Filipino television journalist

Cecilia "Ces" Victoria Oreña-Drilon (/tl/; born July 8, 1961) is a Filipino broadcast journalist. She anchored news and public affairs programs for the News and Current Affairs division of ABS-CBN Corporation from 1989 to 2020. From 2018 to 2020, she also served as the division's Content Acquisition Head for the Lifestyle Ecosystem Group. Oreña-Drilon is currently a news anchor for The Big Story, the flagship nightly newscast of One News.

==Career==
Ces Oreña-Drilon began her television career in 1985 when she joined the Maharlika Broadcasting System (now People's Television Network) as a news reporter. Her reporting on the capture of Army renegade Col. Gregorio Honasan caught the attention of ABS-CBN, which hired her in 1989 to cover the Philippine Senate. She appeared regularly on The World Tonight as the program's business correspondent.

Together with Cathy Yap-Yang, she hosted Usapang Business, a weekly business-oriented show which was soon cancelled due to budget cuts.

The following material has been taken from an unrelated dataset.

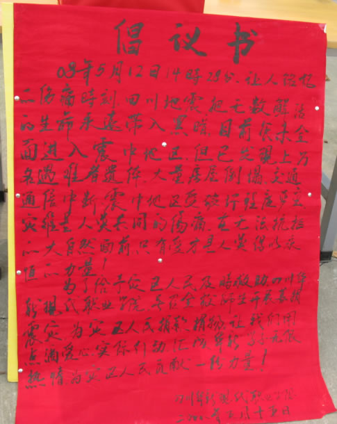 图一:四川华新现代职业学院抗震救灾捐助倡议书

She later presented several news and current affairs programs for ABS-CBN and for the ABS-CBN News Channel, including Pipol and The Correspondents. Since the 2000s, Oreña-Drilon has served as a co-anchor of the ABS-CBN late-night news program Bandila with Korina Sanchez and Henry Omaga-Diaz (later replaced by Karen Davila and Julius Babao), and as an alternate anchor for TV Patrol.

Oreña-Drilon was served as a co-anchor for TV Patrol Weekend (then also known as TV Patrol Sabado/Linggo) from 2004 to 2005, alongside Henry Omaga-Diaz, and he was replaced by Bernadette Sembrano who takes over Drilon's duties as an anchor on the newscast, and he later transferred to ABS-CBN Insider with the late Atty. Dong Puno until June 30, 2006.

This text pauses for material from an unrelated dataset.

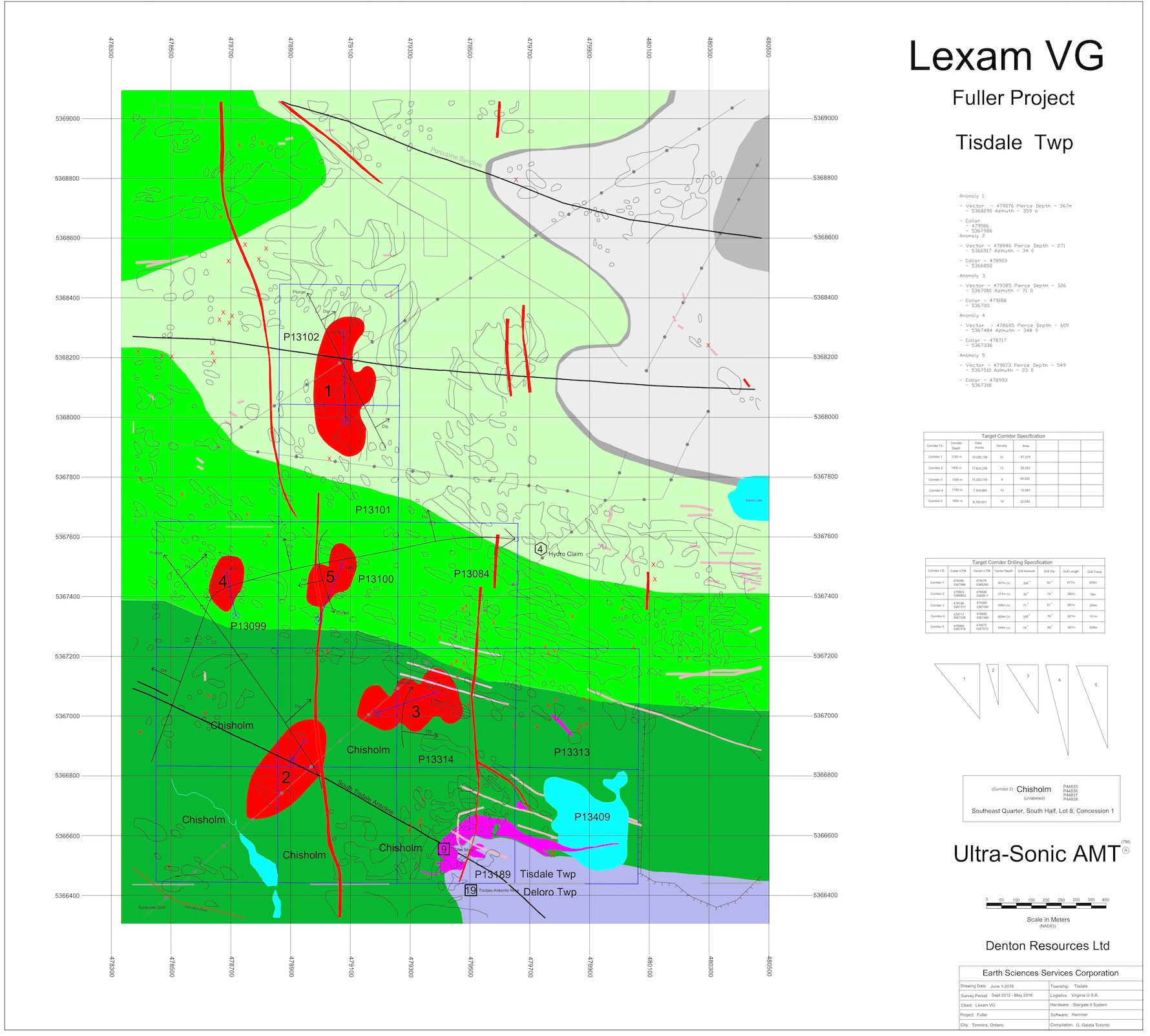 In June, 2016, ESSCO provided a map outline of its interpreted anomalies on the Fuller property, adjacent to the Hollinger Mine. Proposed drill targets with vectors and pierce point data are available.

In 2007, Oreña-Drilon was among several Filipino journalists covering the Manila Peninsula rebellion who were briefly detained by the Philippine military, shortly after the mutiny was quashed.

In June 2008, Oreña-Drilon, along with her companions, were kidnapped by the Abu Sayyaf in Sulu but were later released.

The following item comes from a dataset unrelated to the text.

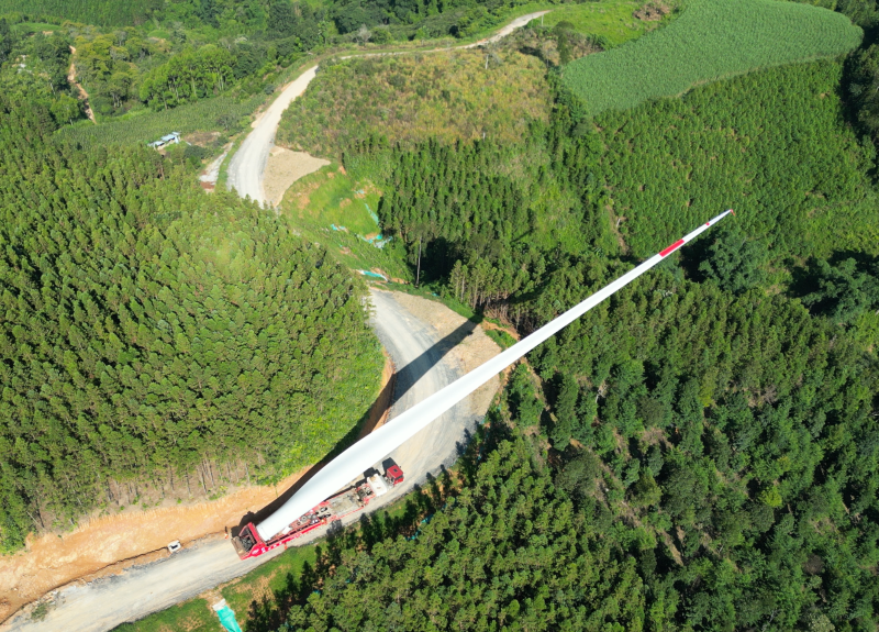 前方,一輛輛裝載著超長風機葉片的大型運輸車緩緩向山脊攀升,頭戴安全帽、身穿反光背心的建設者們在路口默契指揮,前車開道、后車收尾,人與車的身影與蔥蘢山色相映成趣,奏響了深山運輸的協作之歌。

In July 2020, Oreña-Drilon was retrenched by ABS-CBN as the network was shut down by both the National Telecommunications Commission and Office of the Solicitor General last May due to an expired franchise and Congress rejected its fresh 25-year franchise. She returned to farming.

In 2021, Oreña-Drilon would later join Radio Mindanao Network-DZXL, wherein she is the host of afternoon public service program Basta Promdi, Lodi.

In December 2022, Oreña-Drilon joined CNN Philippines, where she would host Usapang Bilyonaryo. This marked her return to television more than two years after being retrenched by ABS-CBN. Following the shutdown of CNN Philippines in 2024, she continued her career on Bilyonaryo News Channel, where Usapang Bilyonaryo was carried over.

On September 21, 2024, Oreña-Drilon appeared on TV5 and RPTV via Eat Bulaga!.

On February 26, 2025, Oreña-Drilon resumed her role as a news anchor, joining One News as the main anchor of The Big Story. She officially began anchoring the program on March 3, 2025.

===Kidnapping incident===
In June 2008, Oreña-Drilon and news cameramen Jimmy Encarnacion and Angelo Valderrama were abducted in Maimbung, Sulu, Jolo, by al-Qaeda-linked Abu Sayyaf militants. She was held for ransom for nine days.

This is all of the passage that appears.